Source material >>
******************************

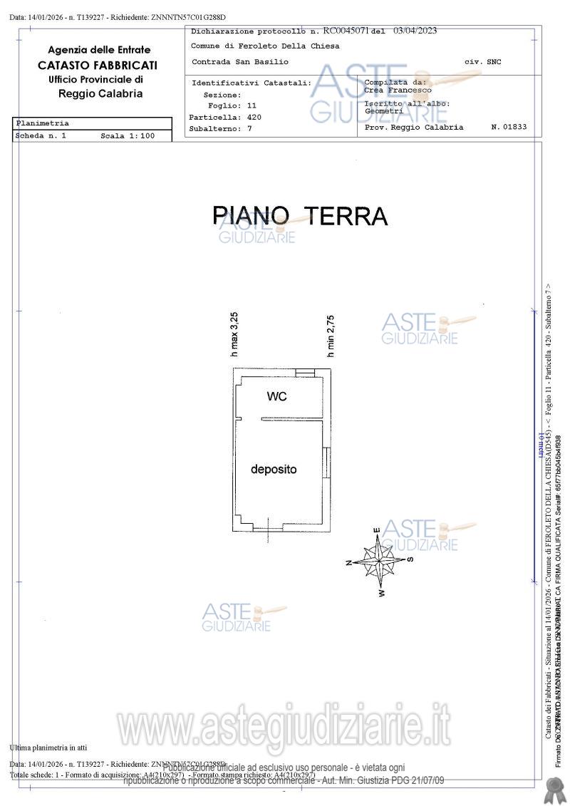 . Prezzo base € 35.640,00 (offerta minima € 26.730,00). Data inizio operazioni di vendita: 23/04/2026 ore 16:30. Giudice Dott. Marta Caineri. Professionista delegato alla vendita Avv. Maria Vittoria Callè - Tel. 3456158029. Custode Giudiziario Avv. Maria Vittoria Callè - Tel. 3456158029. Rif. Tribunale di Palmi - Esecuzione immobiliare n. 16/2025
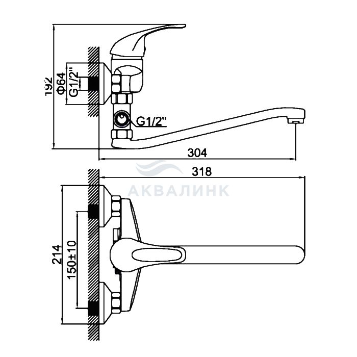 Смеситель для ванны и душа LEDEME L2129-B длинный излив (силумин)
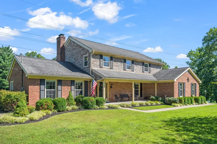 Situated on ten sprawling acres of Kentucky's lush landscape, this inviting home offers a quintessential Bluegrass Country lifestyle. The gentle roll of the hills and the rustling of the trees create a serene backdrop for your everyday life. Located just minutes from Blackacre Nature Preserve, Jeffersontown, I-64, and I-265, you'll enjoy the best of both worlds—proximity to bustling urban amenities while still relishing the peace and serenity of the bluegrass countryside. Bask in the beauty of this property, framed with four post fencing, from the comfort of the covered front porch or the rear sunroom overlooking the horse pasture. An open foyer welcomes you into the home, leading you into a spacious family room featuring a brick gas fireplace and panoramic views of the sprawling front, side, and rear yards! The heart of the home is the spacious kitchen, perfect for family gatherings and entertaining friends. High-end appliances, granite countertops, and ample storage make cooking a breeze! You will love the walk-in pantry for additional storage. A dining room adjacent to the kitchen allows a seamless flow for hosting dinner parties while the kitchen offers island seating and a breakfast area for a more relaxed dining experience. Indulge in the year-round beauty of the seasons from the inviting sunroom, a space that seamlessly connects the indoors with the outdoors. This sun-soaked room offers a perfect spot to enjoy morning coffee or to unwind with a book. A full bathroom can be found on the main floor for added convenience. The laundry room and a mud room area connect to the large attached 3-car garage. Upstairs, three spacious guest rooms await, offering endless possibilities. A full bathroom is conveniently located nearby to service your family members or guests. A generous primary suite, complete with ensuite spa-like bathroom and oversized walk-in closet, and private views of the luscious green backyard, feels like a retreat. A stairwell to a cedar closet and attic storage can also be found in the primary bedroom-giving the new owners opportunity to expand the primary suite, if desired. The spacious lot provides the new owner other possibilities for expansion. The partially finished basement is a blank canvas waiting for you to make this space your own. A wood burning fireplace is the centerpiece to a family room or recreational space. The unfinished area of the basement features shelving for your storage needs. The attached 3-car garage offers an additional workspace and further storage opportunities. Cool off and unwind in style with your own heated in-ground pool. Whether you're enjoying a leisurely swim on a hot Kentucky summer day or hosting poolside gatherings, this pool is a focal point of enjoyment. Adjacent to the pool, a serene pond with fountain water feature adds to the property's charm, offering a backdrop peaceful reflection. Stocked with largemouth bass, blue gill, and crappie, you will love having your own private fishing spot. For those with an equestrian inclination, the well-appointed horse barn, complete with a horse run that allows horses to roam in the pasture or seek shelter in the barn at any time, a tack room, and additional space for mowing and farm equipment, is a wonderful amenity. With 10 acres at your disposal, the possibilities are limited only by your imagination. Whether you dream of expanding the equestrian facilities, cultivating gardens, or simply enjoying the vast open spaces, this property offers the canvas for your ideal Kentucky lifestyle. This remarkable property offers a lifestyle of serenity and luxury, perfect for those seeking a peaceful retreat without sacrificing modern amenities.

******************************

What is needed >>
All that is wanted is each line, word for word, from the first line of the data to the one holding "Смеситель для ванны", with the pictures left out.

Exercise result >>
 . Prezzo base € 35.640,00 (offerta minima € 26.730,00). Data inizio operazioni di vendita: 23/04/2026 ore 16:30. Giudice Dott. Marta Caineri. Professionista delegato alla vendita Avv. Maria Vittoria Callè - Tel. 3456158029. Custode Giudiziario Avv. Maria Vittoria Callè - Tel. 3456158029. Rif. Tribunale di Palmi - Esecuzione immobiliare n. 16/2025
 Смеситель для ванны и душа LEDEME L2129-B длинный излив (силумин)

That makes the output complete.